Attention: This article describes an approach to solve Project Euler problem 345, if you want to solve it by yourself, do not read on.
Recreational Operational Research
The Max-Flow and the closely related Min-Cost Flow problems are very interesting and provide a lot of possible application areas. Many problems can be modeled as an instance and solved efficiently. In fact, Max-Flow is P-complete, i.e, any problem in P can be reduced to it in polynomial time.
Problem Description
The Project Euler problem 345 looks for a choice of elements from a matrix in such a way that for each row and column exactly one element is chosen, and that the sum of the elements is maximized. A simple example:
| 1 | 4 |
| 1 | 10 |
Here, only two choices are possible, either {1, 10} or {1, 4}. It is obvious,
that chosing {1, 10} maximizes the result with the optimal value of 11.
Like many Project Euler exercises, the straight-forward approach is to try all
combinations. While this is feasible for small examples, the larger (but still
at most medium-sized), real problem uses a 15x15 matrix, resulting in
15! (1307674368000) possibilities, way too much for trial and error.
Solving the Problem using Network Flow
One efficent, and in my opinion, very elegant approach to solve the problem is to express it as a Min Cost Flow instance. This can be done as follows:
- to ensure that only one element per row is selected, each entry of the matrix
is transformed into two nodes, a left and a right one, connected via an arc
with capacity
1 - each left node is also connected via an arc with capacity
1with the left node of the next column - the selection of an element is modeled as flow form a left node to a right node
- an element is not selected if there is a flow from its corresponding left node to the next left one
- all nodes of the first column are connected to the source with arcs with
capacity
1, to ensure only1flow unit per row - to ensure the selection of exactly one element per column, each right node of
a column is connected via an arc of capacity
1to an additional column node - each column node is connected to the sink via an arc with capacity
1
The resulting network has a size (nodes and edges) linear in the number of matrix entries of the original problems.
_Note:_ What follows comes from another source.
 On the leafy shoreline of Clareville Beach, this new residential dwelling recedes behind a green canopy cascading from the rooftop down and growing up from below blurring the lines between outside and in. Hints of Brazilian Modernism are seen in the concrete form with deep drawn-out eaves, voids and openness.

For the example this looks as follows:
Here, x_l_ij represents the left node of the matrix entry (i, j), x_r_ij the
right node, col_k the column node for column k, s the source, t the sink and the
labels represent flow/capacity of the arc.
When we compute a maximal flow for this network, one possibility for a flow of
value 2 looks as follows:
This solution corresponds to selecting the matrix elements (0, 1) and (1, 0),
i.e., the non-optimal solution. In order to get the desired solution, we add the
cost to the edges, they consist now of flow/capacity/cost. As the algorithm
minimizes the cost, but we want to maximize our objective function, we use the
negative costs; minimization of a scalar function is equivalent to maximization
of its negation.
The minimal cost flow for the network looks like this:
This is a flow of value 2 with cost -11, as we send one flow unit over the arc
from x_l_00 to x_r_00 with cost -1 and one flow unit from x_l_11 to x_r_11 with
cost -10; this being exactly the solution we are looking for.
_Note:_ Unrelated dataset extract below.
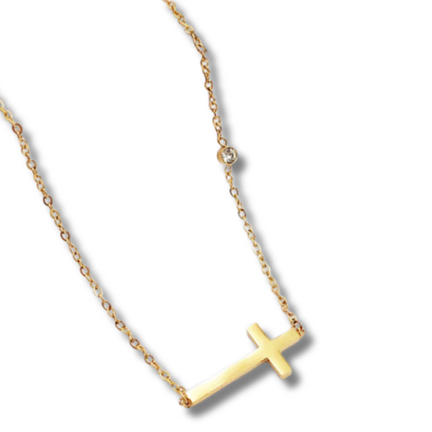 Stílusos aranyozott acél fekvő keresztes nyaklánc strasszkő díszítéssel. Elegáns és állítható női nyaklánc minden alkalomra

The same technique can be used to solve the problem instance given in the Project Euler Description. While it is tempting to implement own algorithms for Max-Flow and Min-Cost Flow, it is much simpler to use s.th. existing, e.g., the Google OR-tools which provide bindings for Python. With a few lines of Python and one call to the solver, the solution is calculated basically instantly.
Alternatives
There are of course alternative solutions for this problem. One such approach is the Hungarian Method which also is polynomial. The problem can be modeled in different ways as Integer Linear Program, very generally as a Constraint Satisfaction Problem with an objective function or even using a Dynamic Programming approach.